[Data records]

»»

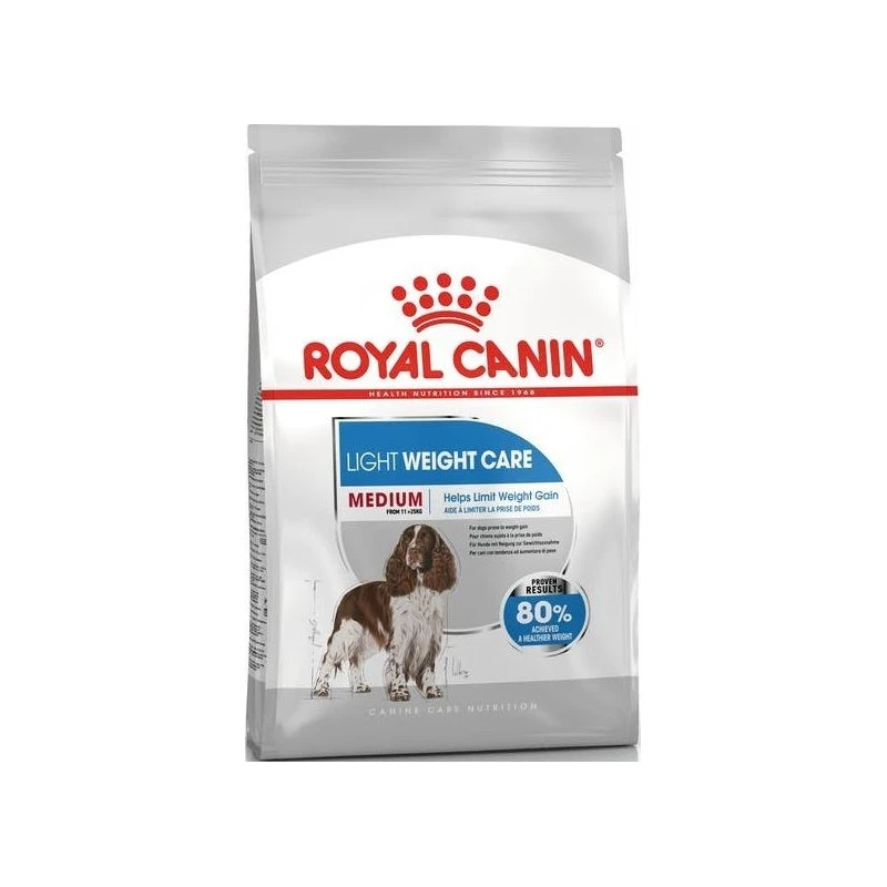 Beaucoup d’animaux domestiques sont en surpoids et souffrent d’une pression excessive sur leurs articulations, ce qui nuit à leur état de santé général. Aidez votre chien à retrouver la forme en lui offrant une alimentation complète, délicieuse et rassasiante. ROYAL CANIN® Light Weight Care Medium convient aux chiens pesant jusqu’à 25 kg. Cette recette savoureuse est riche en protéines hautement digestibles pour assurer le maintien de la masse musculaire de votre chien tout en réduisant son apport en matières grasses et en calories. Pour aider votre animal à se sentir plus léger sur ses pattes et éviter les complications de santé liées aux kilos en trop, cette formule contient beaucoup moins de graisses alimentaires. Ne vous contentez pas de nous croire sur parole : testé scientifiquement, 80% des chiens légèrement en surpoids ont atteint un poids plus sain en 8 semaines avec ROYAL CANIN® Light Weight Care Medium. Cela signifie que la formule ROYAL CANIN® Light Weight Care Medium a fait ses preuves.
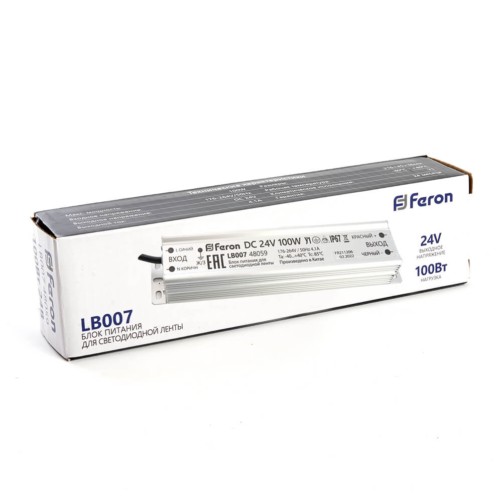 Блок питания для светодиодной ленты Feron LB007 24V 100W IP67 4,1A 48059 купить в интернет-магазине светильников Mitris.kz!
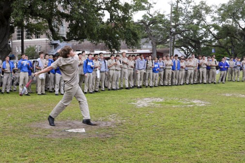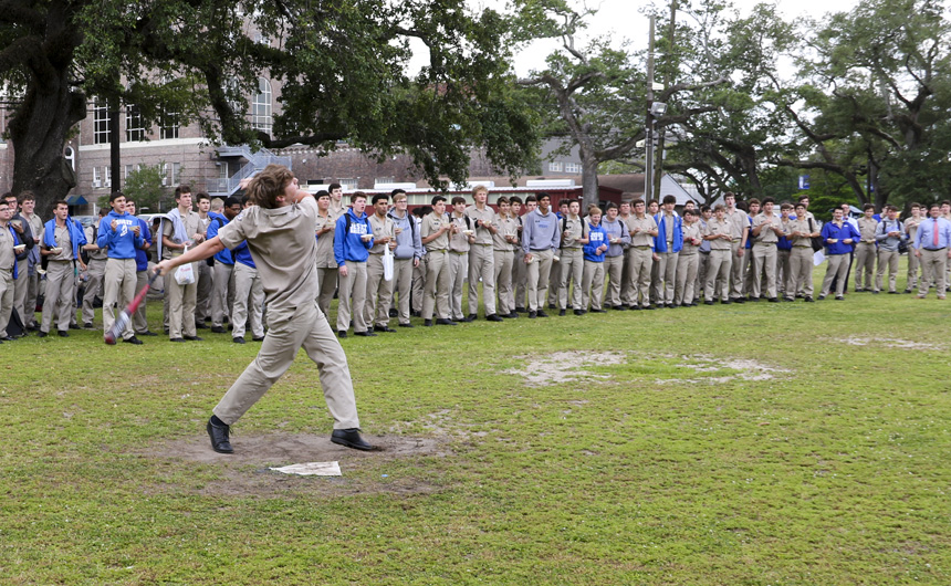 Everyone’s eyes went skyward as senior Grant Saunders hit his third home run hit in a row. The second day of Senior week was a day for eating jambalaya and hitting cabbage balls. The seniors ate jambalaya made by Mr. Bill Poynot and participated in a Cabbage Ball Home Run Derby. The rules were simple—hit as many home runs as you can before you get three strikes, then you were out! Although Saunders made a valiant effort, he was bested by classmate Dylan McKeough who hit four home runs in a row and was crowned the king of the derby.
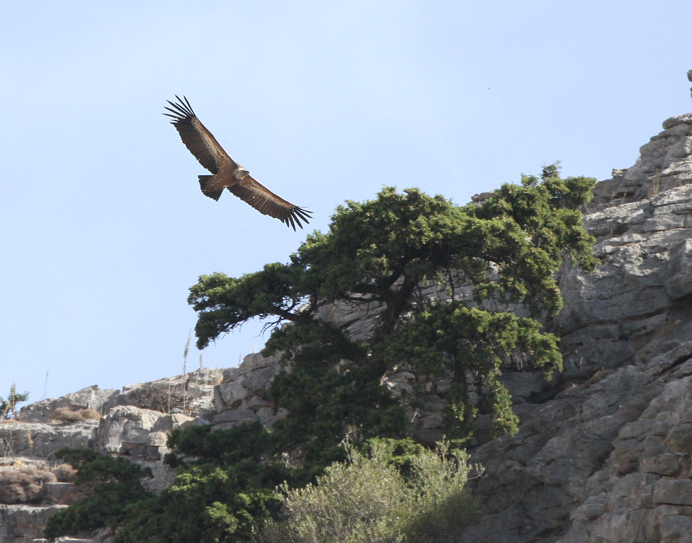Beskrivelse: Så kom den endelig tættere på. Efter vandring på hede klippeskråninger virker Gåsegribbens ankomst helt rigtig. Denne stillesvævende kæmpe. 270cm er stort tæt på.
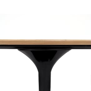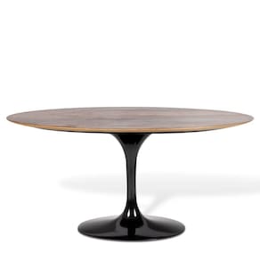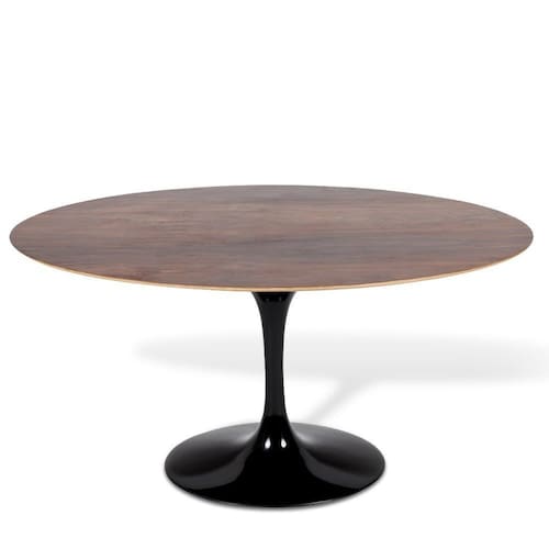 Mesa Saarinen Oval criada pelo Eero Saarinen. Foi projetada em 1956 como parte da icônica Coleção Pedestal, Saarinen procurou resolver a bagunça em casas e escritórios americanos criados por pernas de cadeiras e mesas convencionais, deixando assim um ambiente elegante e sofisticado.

««

▶ **EXERCISE**: Nothing but the lines from the one holding "Блок питания для" through the last line of the entries should be written out, exactly and inclusively, minus the pictures.

▶ **ANSWER TO THE EXERCISE**:
 Блок питания для светодиодной ленты Feron LB007 24V 100W IP67 4,1A 48059 купить в интернет-магазине светильников Mitris.kz!
 Everyone’s eyes went skyward as senior Grant Saunders hit his third home run hit in a row. The second day of Senior week was a day for eating jambalaya and hitting cabbage balls. The seniors ate jambalaya made by Mr. Bill Poynot and participated in a Cabbage Ball Home Run Derby. The rules were simple—hit as many home runs as you can before you get three strikes, then you were out! Although Saunders made a valiant effort, he was bested by classmate Dylan McKeough who hit four home runs in a row and was crowned the king of the derby.
Beskrivelse: Så kom den endelig tættere på. Efter vandring på hede klippeskråninger virker Gåsegribbens ankomst helt rigtig. Denne stillesvævende kæmpe. 270cm er stort tæt på.
 Mesa Saarinen Oval criada pelo Eero Saarinen. Foi projetada em 1956 como parte da icônica Coleção Pedestal, Saarinen procurou resolver a bagunça em casas e escritórios americanos criados por pernas de cadeiras e mesas convencionais, deixando assim um ambiente elegante e sofisticado.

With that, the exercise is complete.